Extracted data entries
::::::::::

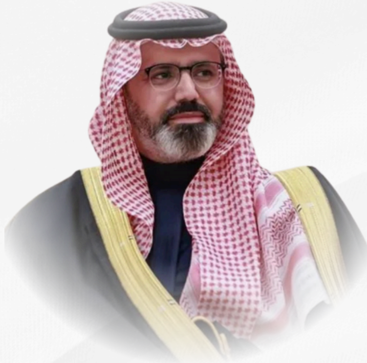
نائب أمير منطقة جازان
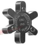
Vòng đệm giảm chấn Martin ML
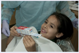
ATENCIÓN DE BUENA CALIDAD PARA EL PACIENTE
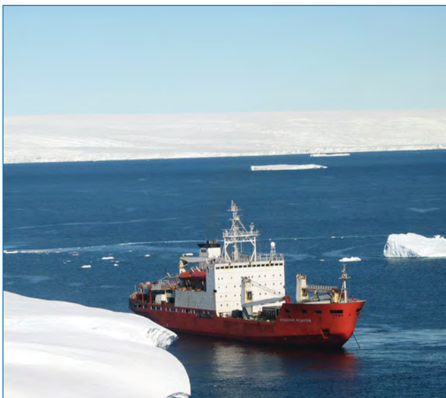
НЭС «Академик Федоров» вблизи станции Мирный, море Дэйвиса.

и материковый склон в морях Содружества, Рисер-Ларсена, Амундсена и Беллинсгаузена. Всего, с учетом работ в 2010 и 2011 годах, сделана 91 станция, на 46 из них проводился отбор проб для определения содержания растворенного кислорода, кремния, фосфатов, нитратов, нитритов и аммиака. В январе 2007 года выполнено три меридиональных океанографических разреза в восточной части моря Содружества, включая залив Прюдс (по 62, 64 и 70° в.д., всего 29 зондирований от поверхности до дна океана), в феврале 2007 года — разрез в море Рисер-Ларсена по 15° в.д. (13 зондирований), в феврале 2008 года — разрез в море Амундсена (15 зондирований), в феврале 2010 года — разрез в море Беллинсгаузена (16 зондирований), в январе 2011 года — повторное выполнение разреза по 70° в.д. в восточной части моря Содружества (18 зондирований). Все перечисленные разрезы отличаются высоким пространственным разрешением, особенно в области материкового склона. Расстояние между станциями на склоне уменьшалось до 2 км, что дало возможность получить подробную картину структуры вод этого района.
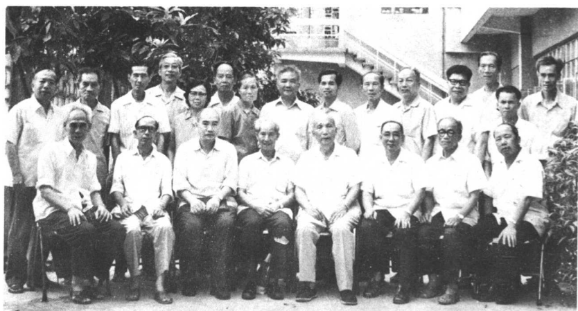
中国致公党中央黄鼎臣主席蒞临台山指导合影留念 81.9.3

::::::::::

*ABOUT THIS TASK*:
Write every record out again exactly as written. Pictures don't belong in the copy.

*TASK OUTPUT*:
نائب أمير منطقة جازان
Vòng đệm giảm chấn Martin ML
ATENCIÓN DE BUENA CALIDAD PARA EL PACIENTE
НЭС «Академик Федоров» вблизи станции Мирный, море Дэйвиса.

и материковый склон в морях Содружества, Рисер-Ларсена, Амундсена и Беллинсгаузена. Всего, с учетом работ в 2010 и 2011 годах, сделана 91 станция, на 46 из них проводился отбор проб для определения содержания растворенного кислорода, кремния, фосфатов, нитратов, нитритов и аммиака. В январе 2007 года выполнено три меридиональных океанографических разреза в восточной части моря Содружества, включая залив Прюдс (по 62, 64 и 70° в.д., всего 29 зондирований от поверхности до дна океана), в феврале 2007 года — разрез в море Рисер-Ларсена по 15° в.д. (13 зондирований), в феврале 2008 года — разрез в море Амундсена (15 зондирований), в феврале 2010 года — разрез в море Беллинсгаузена (16 зондирований), в январе 2011 года — повторное выполнение разреза по 70° в.д. в восточной части моря Содружества (18 зондирований). Все перечисленные разрезы отличаются высоким пространственным разрешением, особенно в области материкового склона. Расстояние между станциями на склоне уменьшалось до 2 км, что дало возможность получить подробную картину структуры вод этого района.
中国致公党中央黄鼎臣主席蒞临台山指导合影留念 81.9.3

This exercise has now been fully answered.